You should probably pick a standard development time to use, whether you follow the paper manfacturer's recommendation, or use a method like suggested by luis.martins.  Keeping the variables (development time, agitation, etc...) down gives you more control.  Also, it can be difficult to see everything under safelights.

I use 1 min for RC and 2 min for FB, although there are papers I change this for.


----------



## luis.martins

tr0gd0o0r said:
			
		

> So is just watching the print until I think its finished not such a good idea?



Like Matt just said, you won't get consistent results without a method that you can reproduce time after time.


----------



## ksmattfish

If you saw the other post, Sillyphaunt isn't going to be able to participate (maybe next time   ), so that makes the list

1. Orie
2. Terri
3. Aggiezach
4. Havoc
5. KSmattfish
6. tr0gd0o0r
7. Santino

KevinR and luis.martins have suggested they might be interested in participating.  It should be easy for one of them to take Sillyphaunt's position as we were already preparing for 8 people.  I don't know if folks would be prepared for 9 people or not?  It's okay with me.  Let's hear what you all think.  And Luis and Kevin let us know if you are interested in participating in this exchange.  Prints need to be in the mail by March 1, 2005.  I'll PM everyone my address when we know who's participating for sure.  

It's 2 prints and a contact sheet for each participant.  
With 7 people that means you'll send me 6 each of 2 different prints (12 total), and 6 contact sheets.
With 8 people it's 7 each of 2 different prints (14 total), and 7 contact sheets.
With 9 people it would be 8 each of 2 different prints (16 total), and 8 contact sheets.


----------



## luis.martins

I Matt, like I've already posted in the other thread, I don't think I'll be able to find time to participate.

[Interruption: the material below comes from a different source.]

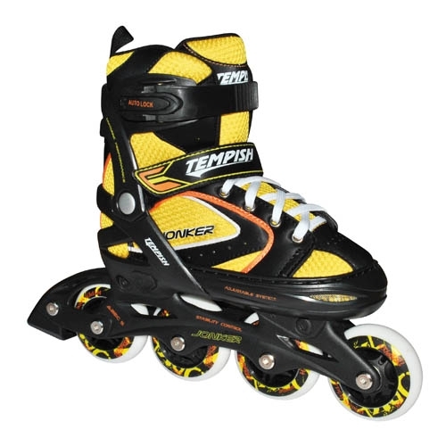Dětské roztahovací brusle se 3 velikostmi, určené pro rekreační a kondiční bruslení. Střední zátěž, začínající i pokročilí bruslaři. Stupeň únosnosti sportovního zatížení 2. Brusle mají jednoduchý a pohodlný systém zvětšení velikosti tlačítkem na boční straně skeletu. U velikosti brusle 29 - 32 pro krátký podvozek jsou jen 3 kolečka 64 mm, u ostatních velikostí 4 kolečka 70 mm. Osazení ložisky ABEC 5.
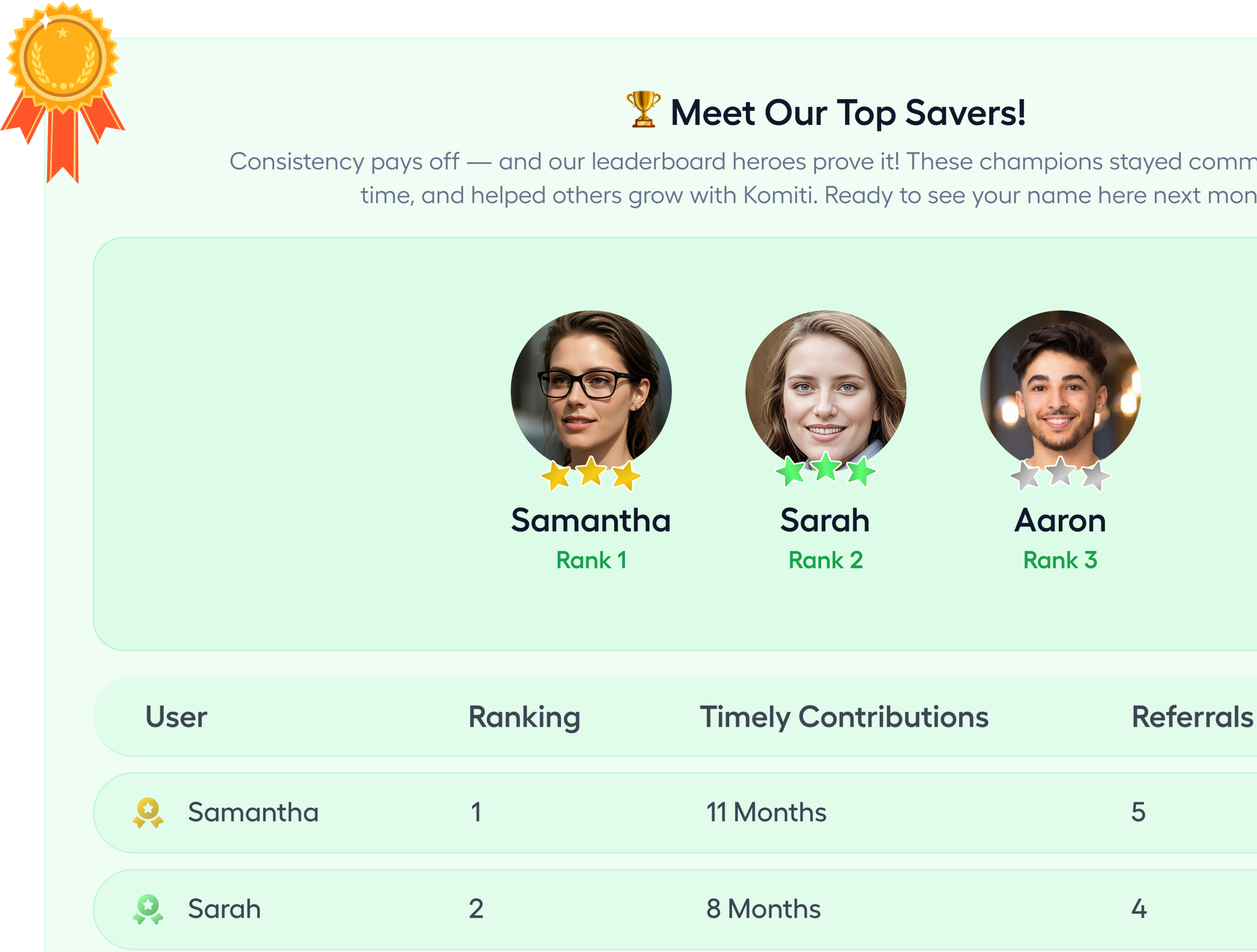 Earn your spot by saving consistently, inviting others to grow with you — and unlock exciting rewards, perks, and exclusive recognition at the top!

Better to be out of this print exchange than let everyone down.


----------



## KevinR

Hey Matt,
   I'm game. It shouldn't be a problem getting the prints done. Just PM me with the pertinent info.


----------



## oriecat

Welcome aboard, Kevin. 8)


----------



## ksmattfish

KevinR said:
			
		

> Hey Matt,
> I'm game. It shouldn't be a problem getting the prints done. Just PM me with the pertinent info.



Just check out the beginning ogf the thread, and I'll get my address to everyone pretty soon.

Since we are back to 8 people it's 7 each of 2 different prints (14 total), and 7 contact sheets.


----------



## sillyphaunt

Kevin, thank you for stepping in for me, that makes me feel much better.


----------



## KevinR

Its my pleasure. And hope everything goes good.


----------



## tr0gd0o0r

I noticed earlier in the thread that Matt mentioned any size is possible,  just in case anyone is planning on going crazy and printing anything bigger than 8x10, could you let us know so Matt would have envelopes big enough to mail it with


----------



## oriecat

Good thought trog.  I am just using 8x10 paper for 6x9s so far, maybe a 7x7 depending on what 2nd neg I pick.


----------



## ksmattfish

tr0gd0o0r said:
			
		

> I noticed earlier in the thread that Matt mentioned any size is possible,  just in case anyone is planning on going crazy and printing anything bigger than 8x10, could you let us know so Matt would have envelopes big enough to mail it with



Don't worry about it.  I get all my shipping supplies at the place I ship from, so it's no big deal.  Besides, I'll probably be the one with the biggest prints


----------



## santino

my prints are ready 
just have to make the contact prints


----------



## aggiezach

I've got the first 7 ready to go! Just gotta finish the second batch and the contact sheets  So I guess I'm not really that close  Should be ready by thursday! 

Zach


----------



## KevinR

Okay, package has been sent. Matt, you should get it Wed. or Thurs. It has been shipped USPS Priority.


----------



## oriecat

My prints will be a day or two late going out. :|  I printed Saturday night and they didn't dry as quick as I thought they would.  I need to make more space between my screens.  So they are flattening now so hopefully I can get them out tomorrow.


----------



## terri

I just finished printing yesterday.... :blushing:  they need to dry and get flattened out.   I had dry-down trauma last week, and had to do a few too-dark ones over.  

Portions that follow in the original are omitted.